Death of Eccentric, 104-Year-Old Lady Leads to a Museum for her Art and Books
- by Michael Stillman
Huguette Clark (right) at age 11 in Montana, with father and sister Andrée.
This magnificent gift is filled with intrigue, a bit of Howard Hughes combined with a person connected to times very long ago. The mansion and collection are the gifts of Huguette Marcelle Clark, a 104-year-old woman who, like Howard Hughes, disappeared from public view many decades ago. She died in May, just two weeks short of her 105th birthday.
This story goes well back into the 19th century. Ms. Clark's father, William Andrews Clark, was born in 1839. Is there anyone else still alive whose father was born in 1839? Probably not. Two generations spanning 172 years. William Clark was a clever man. Born in Pennsylvania, he moved west to the Montana Territory, where he became one of Butte's legendary "copper kings." By the 1880s, he was an extraordinarily wealthy man, with business interests extending far beyond mining. By the turn of the century, he was one of the richest men in America, with wealth equivalent to something like $3 billion today. It was Clark who established Las Vegas, as a stop for his railroad (Clark County is named for him).
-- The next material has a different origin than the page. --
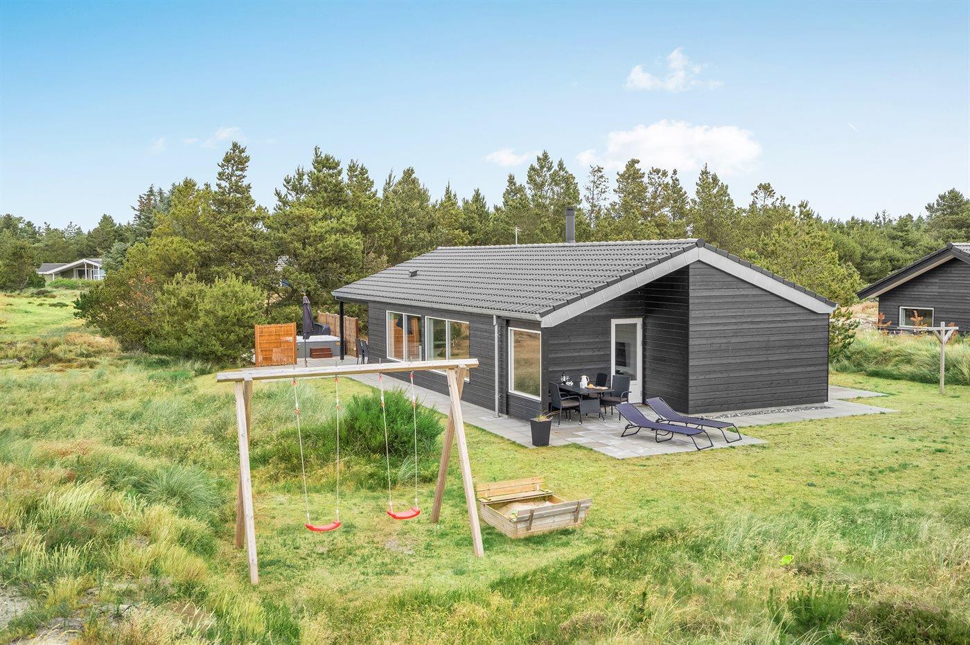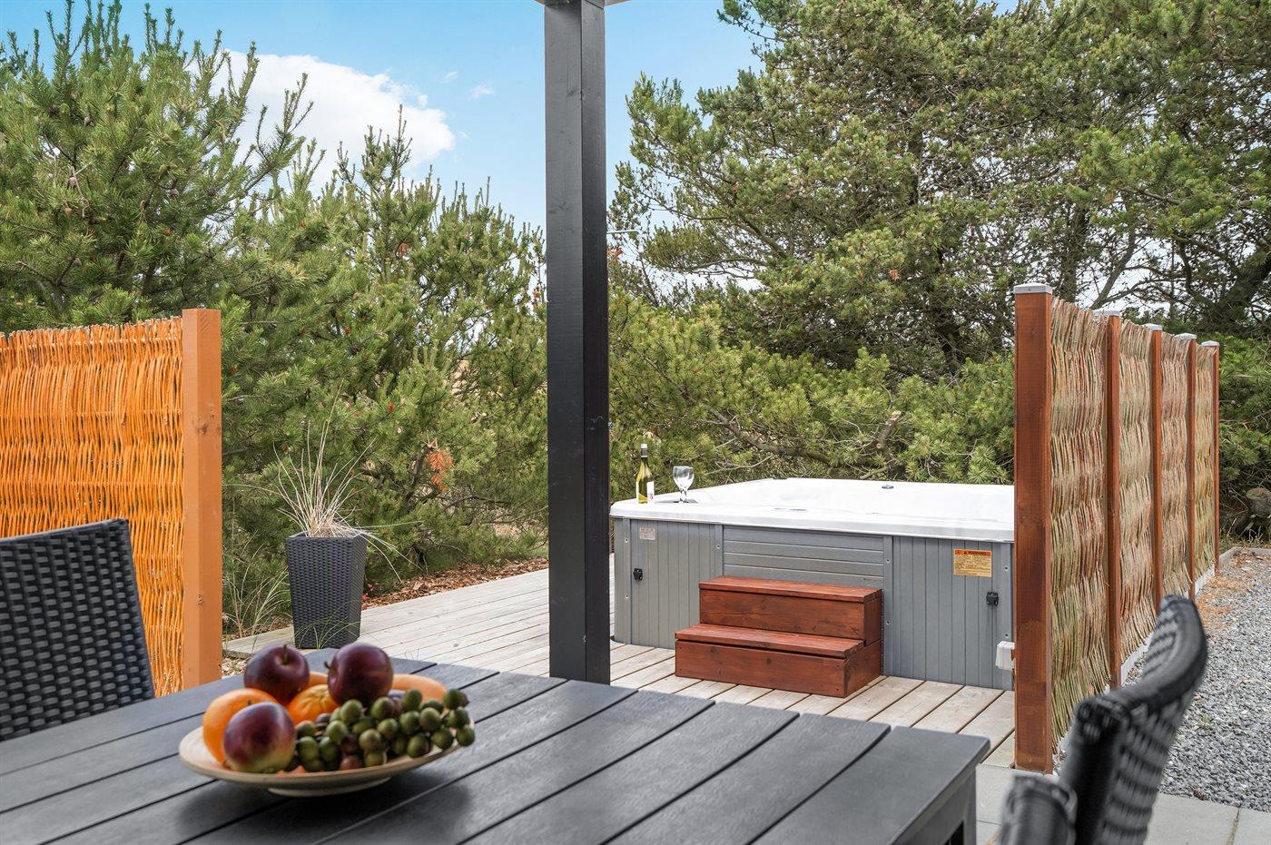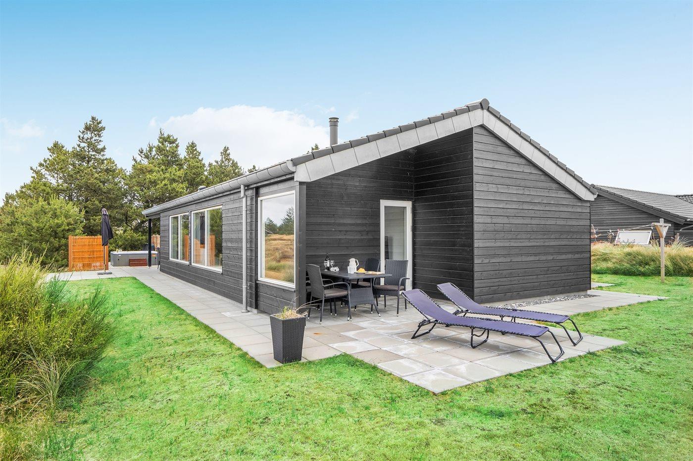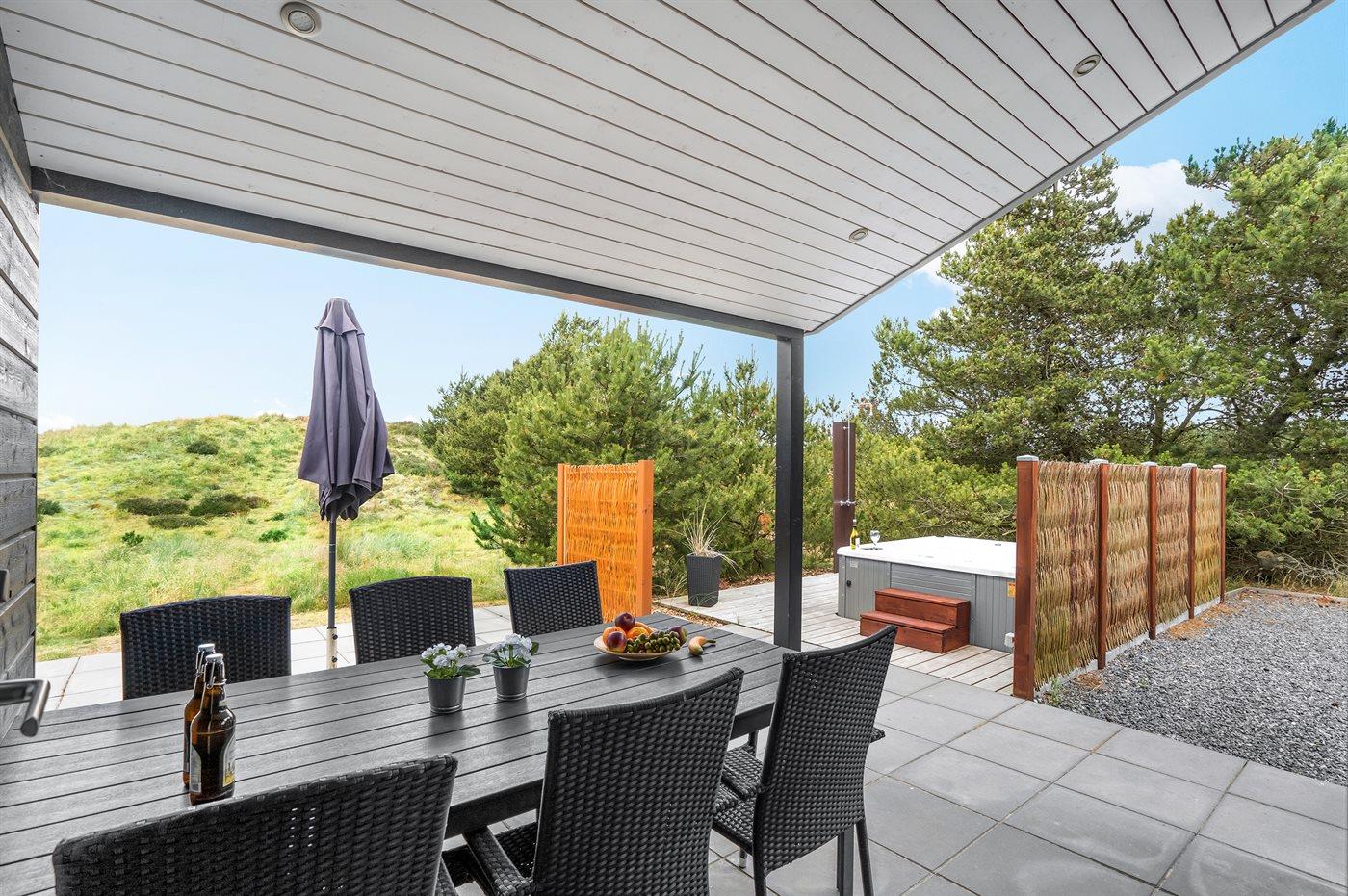 Moderne sommerhus i Blåvand med spa, sauna og stor terrasse nær havet.

Clark developed friends, enemies, and sycophants along the way. Some saw him as unscrupulous. Mark Twain has been quoted as saying of Clark, "He is as rotten a human being as can be found anywhere under the flag; he is a shame to the American nation, and no one has helped to send him to the Senate who did not know that his proper place was the penitentiary, with a ball and chain on his legs." Twain apparently didn't care much for him. The reference to the senate came from Clark's desire to be a senator in the days when U.S. senators were appointed by the state legislature. Clark simply bribed his way to the appointment. As he later was said to have quite accurately pointed out, "I never bought a man who wasn’t for sale." It was reputedly at least partly because of Clark that the 17th Amendment, providing for direct election of senators, was passed. The Senate refused to seat Clark, but he later would be successfully selected to a term in the Senate in 1901.
Clark was married twice. He and his first wife had five children. In fact, the late Huguette Clark actually had a sibling who died in the 19th century. Mr. Clark's first wife died in 1893, and he later married Anna La Chapelle, 39 years his junior. She had two daughters, Andrée, born in 1902, and Huguette, born in 1906, when her father was 67 years old. Mr. Clark built himself and his family a 121-room (including 31 bathrooms) mansion on Fifth Avenue in New York, where he lived until he died in 1925.
Undoubtedly, Huguette did not have a typical childhood, though it seems to have been a pleasant one. She probably never bonded much with her father's first family, but was close to her mother and full sister, Andrée. Andrée died in 1919 at the age of 16, and this tragic event may partly explain the reclusiveness Huguette developed as the years wore on. Huguette did get married once, but it didn't last. In 1928, she married a man who had worked for her father. She claimed desertion, a 1940 book asserted the marriage was never consummated. By 1930, she was divorced, shy, and never to be married again.
She then moved in with her mother, sharing a "smaller," 42-room apartment in New York. It would be her official residence for the remainder of her life. There are no known photographs taken of Huguette Clark after 1930.